Was das Suchtrisiko angehe, sei es ein schlechter Witz, wenn Leute, die am Abend mehrere Maß Bier in sich hineinschütten, über die Gefahren von Cannabis schwafeln würden, ätzte Pascal Meiser. Sowohl in seiner, wie auch in anderen Fraktionen werde gekifft. Wenn die Leute dazu auch öffentlich stehen würden, wäre das schon ein weiterer Schritt. Dass in das Thema Bewegung kommt, sieht er aber aktuell nicht. Die Linken hätten dazu zwar einen Antrag im Bundestag eingebracht, der werde aber wohl erneut von den Regierungsfraktionen abgeschmettert. Die CDU sei ohnehin dagegen und bei der SPD gebe es keine einheitliche Haltung.

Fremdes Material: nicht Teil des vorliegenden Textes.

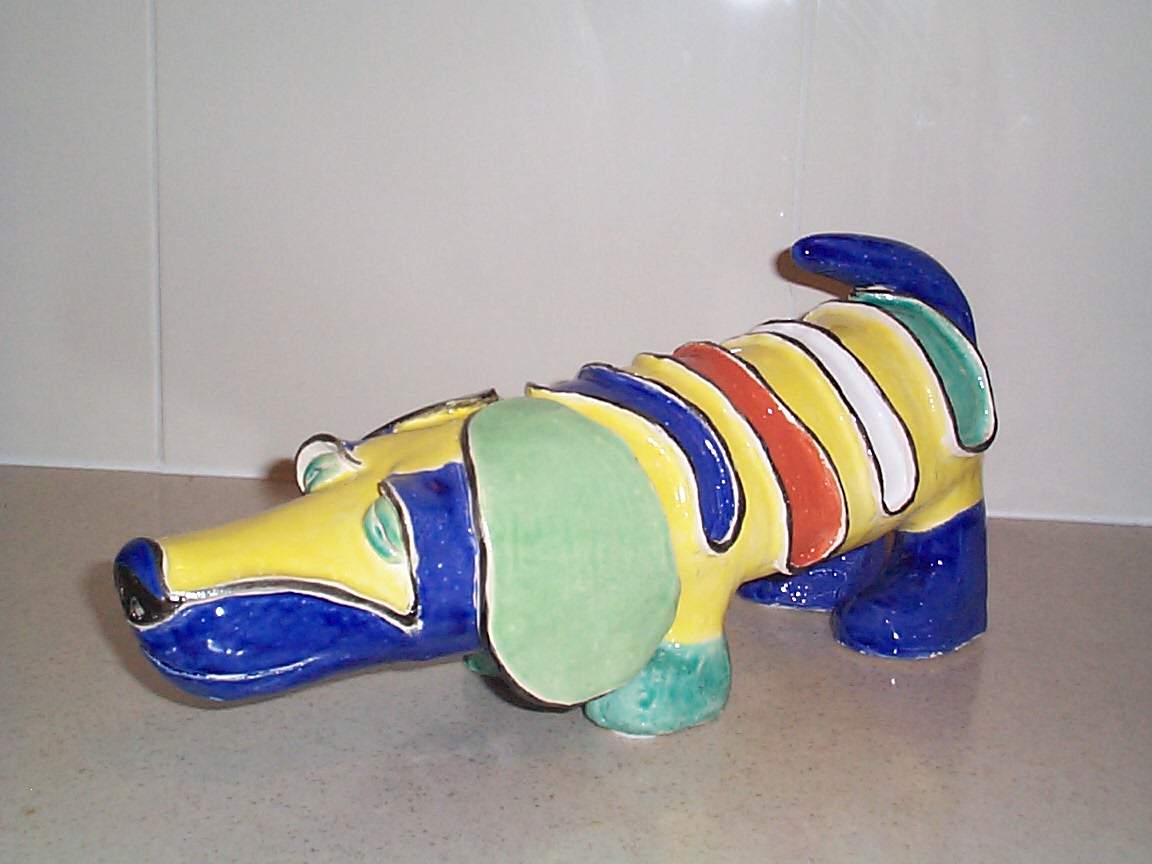 Teckel me again is een holle vorm, handgevormd en opgebouwd uit ringen met grove chamotte. Na de biscuitstook is hij glazuur gestookt op 1020 graden. Het is een unicum.

Auch die Forderung, Pilotprojekte einzurichten, werde wahrscheinlich nicht durchkommen. In dieser Richtung gab es bereits vor drei Jahren den Vorstoß von Friedrichshain-Kreuzbergs Bürgermeisterin Monika Herrmann (Bündnis90/Grüne) sogenannte Cofffeeshops einzurichten, bevorzugt im Görlitzer Park.

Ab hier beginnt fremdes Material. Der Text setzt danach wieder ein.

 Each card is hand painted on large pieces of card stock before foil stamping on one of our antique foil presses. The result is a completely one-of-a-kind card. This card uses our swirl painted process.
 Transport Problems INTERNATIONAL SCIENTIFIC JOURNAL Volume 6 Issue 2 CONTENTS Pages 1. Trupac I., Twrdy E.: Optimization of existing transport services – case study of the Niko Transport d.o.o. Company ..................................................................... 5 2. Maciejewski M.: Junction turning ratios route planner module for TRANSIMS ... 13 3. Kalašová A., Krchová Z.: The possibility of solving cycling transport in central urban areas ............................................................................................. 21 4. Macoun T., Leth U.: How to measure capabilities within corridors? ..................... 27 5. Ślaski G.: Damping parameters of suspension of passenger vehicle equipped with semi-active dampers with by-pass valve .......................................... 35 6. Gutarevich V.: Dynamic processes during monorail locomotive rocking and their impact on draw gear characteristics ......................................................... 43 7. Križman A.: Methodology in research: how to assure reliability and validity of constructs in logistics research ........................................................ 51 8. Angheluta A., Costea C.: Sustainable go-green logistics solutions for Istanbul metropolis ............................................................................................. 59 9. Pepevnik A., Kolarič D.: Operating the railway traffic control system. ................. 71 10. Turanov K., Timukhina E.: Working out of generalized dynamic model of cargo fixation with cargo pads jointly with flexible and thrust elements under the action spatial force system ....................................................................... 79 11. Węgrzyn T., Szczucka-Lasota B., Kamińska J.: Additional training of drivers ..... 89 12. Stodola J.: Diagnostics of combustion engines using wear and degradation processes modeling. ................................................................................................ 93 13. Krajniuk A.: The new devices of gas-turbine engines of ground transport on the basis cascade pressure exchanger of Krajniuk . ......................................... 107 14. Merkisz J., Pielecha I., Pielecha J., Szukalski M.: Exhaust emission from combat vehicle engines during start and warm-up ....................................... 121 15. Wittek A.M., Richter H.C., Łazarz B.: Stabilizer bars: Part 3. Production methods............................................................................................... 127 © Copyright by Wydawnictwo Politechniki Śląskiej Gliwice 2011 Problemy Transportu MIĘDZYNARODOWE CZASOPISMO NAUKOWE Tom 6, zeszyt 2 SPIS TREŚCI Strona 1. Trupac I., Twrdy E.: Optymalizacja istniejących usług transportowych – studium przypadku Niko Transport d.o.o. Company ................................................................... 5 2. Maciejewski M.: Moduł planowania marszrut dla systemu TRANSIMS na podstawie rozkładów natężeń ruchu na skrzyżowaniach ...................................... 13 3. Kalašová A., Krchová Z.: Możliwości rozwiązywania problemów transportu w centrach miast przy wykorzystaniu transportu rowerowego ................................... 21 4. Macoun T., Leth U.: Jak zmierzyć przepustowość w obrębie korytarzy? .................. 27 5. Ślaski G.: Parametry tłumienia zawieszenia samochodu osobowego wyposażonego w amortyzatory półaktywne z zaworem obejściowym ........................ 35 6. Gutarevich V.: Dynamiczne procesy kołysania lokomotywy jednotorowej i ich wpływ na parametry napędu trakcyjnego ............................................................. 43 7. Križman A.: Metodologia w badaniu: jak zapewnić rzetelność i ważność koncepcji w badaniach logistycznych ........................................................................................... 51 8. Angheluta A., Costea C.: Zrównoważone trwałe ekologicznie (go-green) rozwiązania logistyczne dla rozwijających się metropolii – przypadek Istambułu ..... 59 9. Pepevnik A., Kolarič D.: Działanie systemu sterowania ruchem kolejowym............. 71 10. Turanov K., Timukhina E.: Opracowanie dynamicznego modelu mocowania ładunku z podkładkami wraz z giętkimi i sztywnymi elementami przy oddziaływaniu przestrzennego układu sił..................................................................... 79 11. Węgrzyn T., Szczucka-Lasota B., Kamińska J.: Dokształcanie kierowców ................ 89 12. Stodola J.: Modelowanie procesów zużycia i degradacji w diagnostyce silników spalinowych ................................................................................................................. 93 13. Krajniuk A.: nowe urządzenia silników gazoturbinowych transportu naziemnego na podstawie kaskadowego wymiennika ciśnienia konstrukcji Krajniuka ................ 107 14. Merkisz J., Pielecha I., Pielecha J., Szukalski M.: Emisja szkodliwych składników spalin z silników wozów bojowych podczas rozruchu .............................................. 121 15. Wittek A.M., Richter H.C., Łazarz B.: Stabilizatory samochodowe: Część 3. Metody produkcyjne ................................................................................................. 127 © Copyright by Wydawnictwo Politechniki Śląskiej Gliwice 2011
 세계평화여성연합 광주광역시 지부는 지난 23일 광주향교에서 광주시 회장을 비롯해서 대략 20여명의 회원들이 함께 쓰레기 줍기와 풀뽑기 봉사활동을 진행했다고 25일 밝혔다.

Gegner: Einfallstor für härtere Drogen
Von den Gegnern wird neben der Abhängigkeit und weiteren Gefahren für die Gesundheit auch die sogenannte Einfallstheorie für ihre Ablehnung ins Feld geführt. Werde an dieser Stelle nachgeben, sei mit weiteren Forderungen, auch andere Drogen zu legalisieren, zu rechnen.
So wird es wohl weiter bei der derzeitigen Situation bleiben, die vielleicht mit einem illegalen Laisser-faire zu umschreiben ist. Deutlich wurde das auch bei manchen Görli-Nutzern, die keinen Aktionstag brauchen, um an einem Joint ziehen zu können. "Es hätten trotzdem noch mehr kommen können", meinte ein Mann, der seine Rauchware in die Sonne hielt. Ein anderer, 22 Jahre alt, fällt durch ein Riesenrohr auf. Nach seinen Angaben hat es eine Länge von 42 Zentimetern. Vier Stunden brauche er, bis davon nichts mehr übrig sei.
Cannabisprodukte konsumiere er seit seinem 14. Lebensjahr, erzählt der junge Mann. Er sieht sie als Gegenmittel zu seinem ADS-Syndrom. Im Medizinprogramm sei er aber bisher nicht. "Ich suche noch nach einem Arzt, der mir das bestätigt."